(Recorded data)
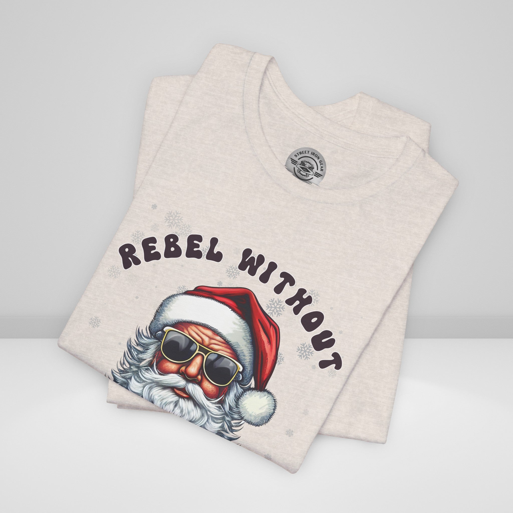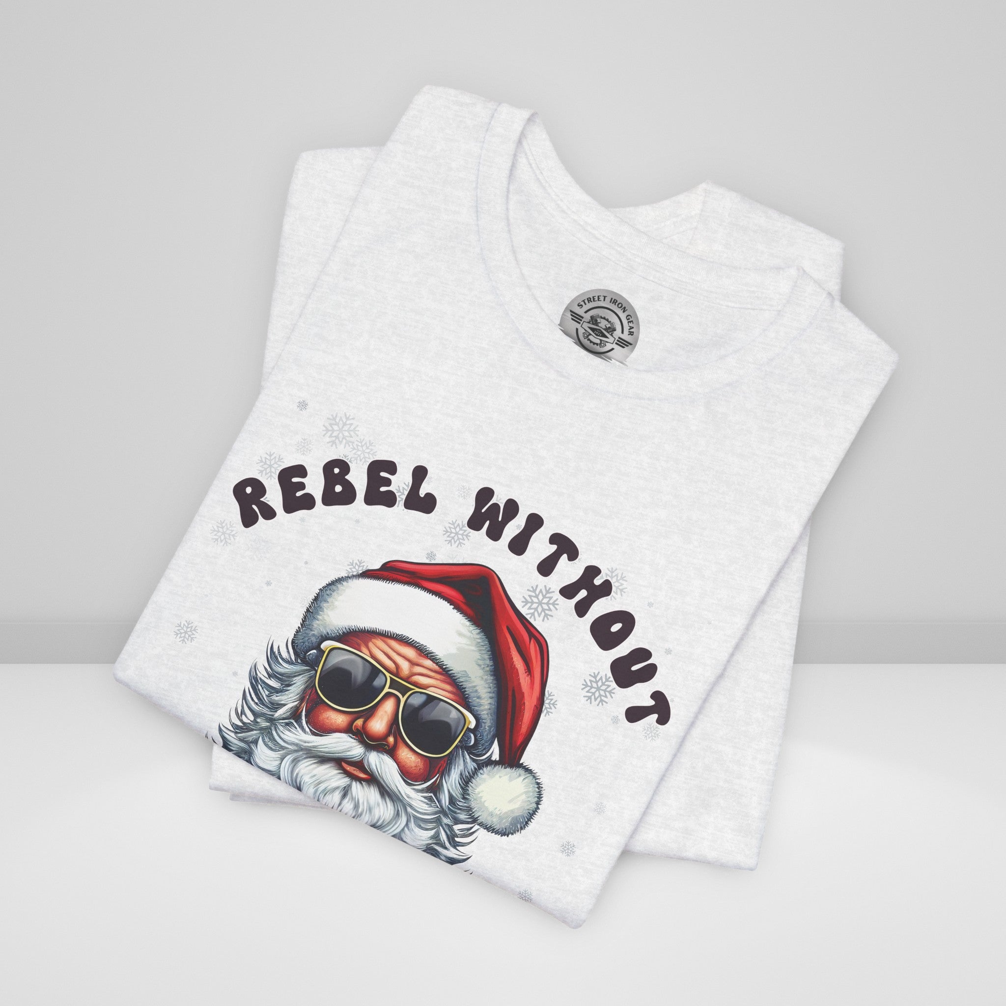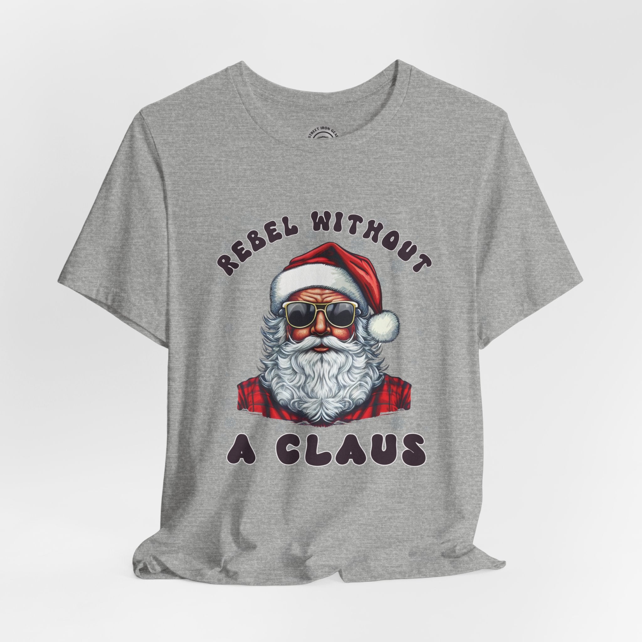Embrace the rebel spirit of the season with our cool Winter shirt! Featuring the phrase "Rebel without a Clause" in wavy retro font, this unique winter t shirt adds a playful twist to holiday fashion.
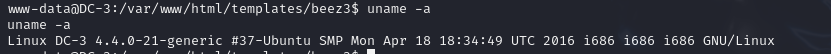 Linux DC-3 4.4.0-21-generic #37-Ubuntu SMP Mon Apr 18 18:34:49 UTC 2016 i686 i686 i686 GNU/Linux
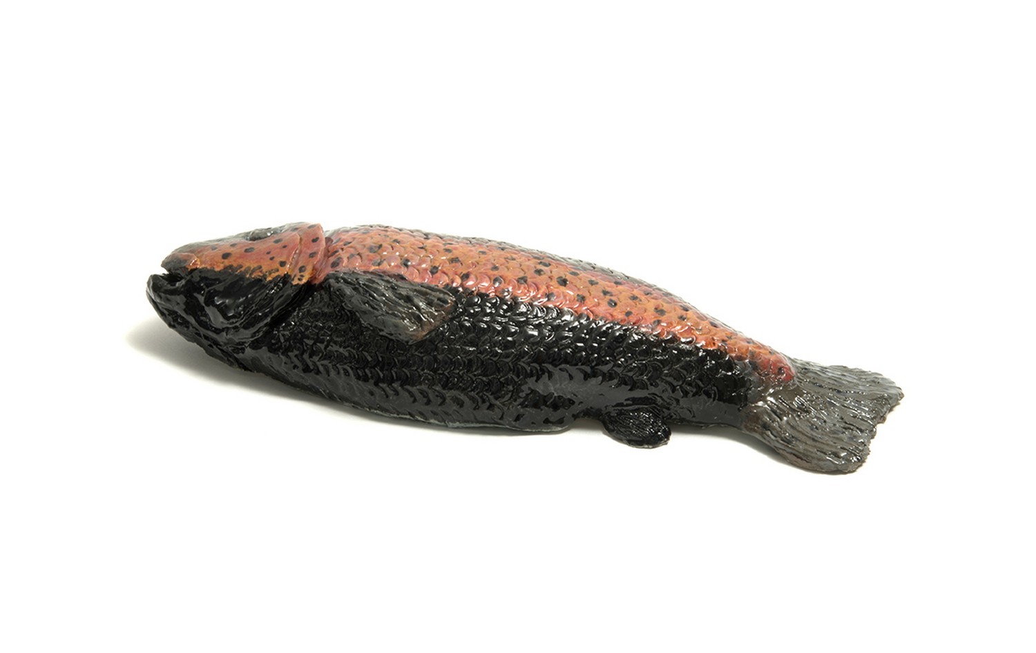 In Mason's ceramic practice reptiles and fish appear often. Rainbow Trout with a Black Underbelly is a great example, the textured scales bouncing light off the peach-gold streak through its belly.
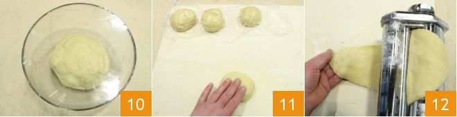 that you will cover with plastic wrap and let rest for half an hour in a cool place 10. Take the dough, divide it into portions (about 5 oz), flatten them 11, and work them with a pasta machine 12 (or a rolling pin) to obtain a thickness of 1/16 inch, which generally corresponds to the penultimate thickness of the pasta roller, for best results consult the cooking school guide How to Roll Out Pasta Dough. If the dough tears during processing, flour it, fold it in three, and pass it through the machine again until it is smooth and compact, passing it from the thicker rollers to the thinner ones.
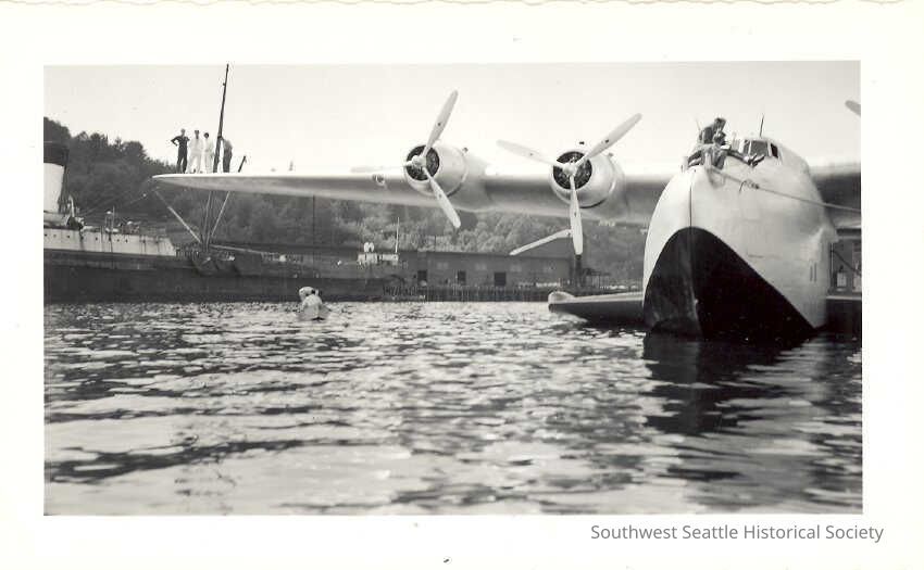 Alki and Transportation Boeing 314 Clipper doing tests off Alki - George Shively worked on six of these in 1940 or 1941 See FIC1997.37.219b-g
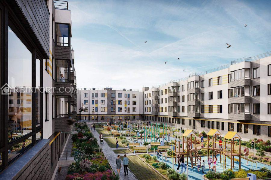 В 10-ти четырехэтажных корпусах сможет поселиться 1171 семья. Дома располагаются блоками, образуя уютные закрытые и безопасные дворы с большим количеством зеленых насаждений и с зонами отдыха для взрослых и детей.
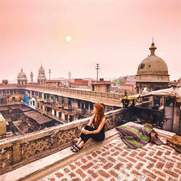 | Sau khi len lỏi khắp các gian hàng và đắm mình trong không khí náo nhiệt của khu chợ, bạn nên tìm đường lên tầng thượng. Ở đây có thể quan sát pháo đài Đỏ, nhà thờ Hồi giáo Fatehpuri và các địa danh nổi tiếng trong khu vực. Nơi này được ví von là ốc đảo tĩnh lặng, mang đến cho du khách background chụp ảnh ấn tượng nhất. Ảnh:Pinterest. |

EXERCISE DIRECTIONS |
Repeat each record verbatim, pictures excluded.

OUTPUT FOR THIS EXERCISE |
Embrace the rebel spirit of the season with our cool Winter shirt! Featuring the phrase "Rebel without a Clause" in wavy retro font, this unique winter t shirt adds a playful twist to holiday fashion.
 Linux DC-3 4.4.0-21-generic #37-Ubuntu SMP Mon Apr 18 18:34:49 UTC 2016 i686 i686 i686 GNU/Linux
 In Mason's ceramic practice reptiles and fish appear often. Rainbow Trout with a Black Underbelly is a great example, the textured scales bouncing light off the peach-gold streak through its belly.
 that you will cover with plastic wrap and let rest for half an hour in a cool place 10. Take the dough, divide it into portions (about 5 oz), flatten them 11, and work them with a pasta machine 12 (or a rolling pin) to obtain a thickness of 1/16 inch, which generally corresponds to the penultimate thickness of the pasta roller, for best results consult the cooking school guide How to Roll Out Pasta Dough. If the dough tears during processing, flour it, fold it in three, and pass it through the machine again until it is smooth and compact, passing it from the thicker rollers to the thinner ones.
 Alki and Transportation Boeing 314 Clipper doing tests off Alki - George Shively worked on six of these in 1940 or 1941 See FIC1997.37.219b-g
 В 10-ти четырехэтажных корпусах сможет поселиться 1171 семья. Дома располагаются блоками, образуя уютные закрытые и безопасные дворы с большим количеством зеленых насаждений и с зонами отдыха для взрослых и детей.
 | Sau khi len lỏi khắp các gian hàng và đắm mình trong không khí náo nhiệt của khu chợ, bạn nên tìm đường lên tầng thượng. Ở đây có thể quan sát pháo đài Đỏ, nhà thờ Hồi giáo Fatehpuri và các địa danh nổi tiếng trong khu vực. Nơi này được ví von là ốc đảo tĩnh lặng, mang đến cho du khách background chụp ảnh ấn tượng nhất. Ảnh:Pinterest. |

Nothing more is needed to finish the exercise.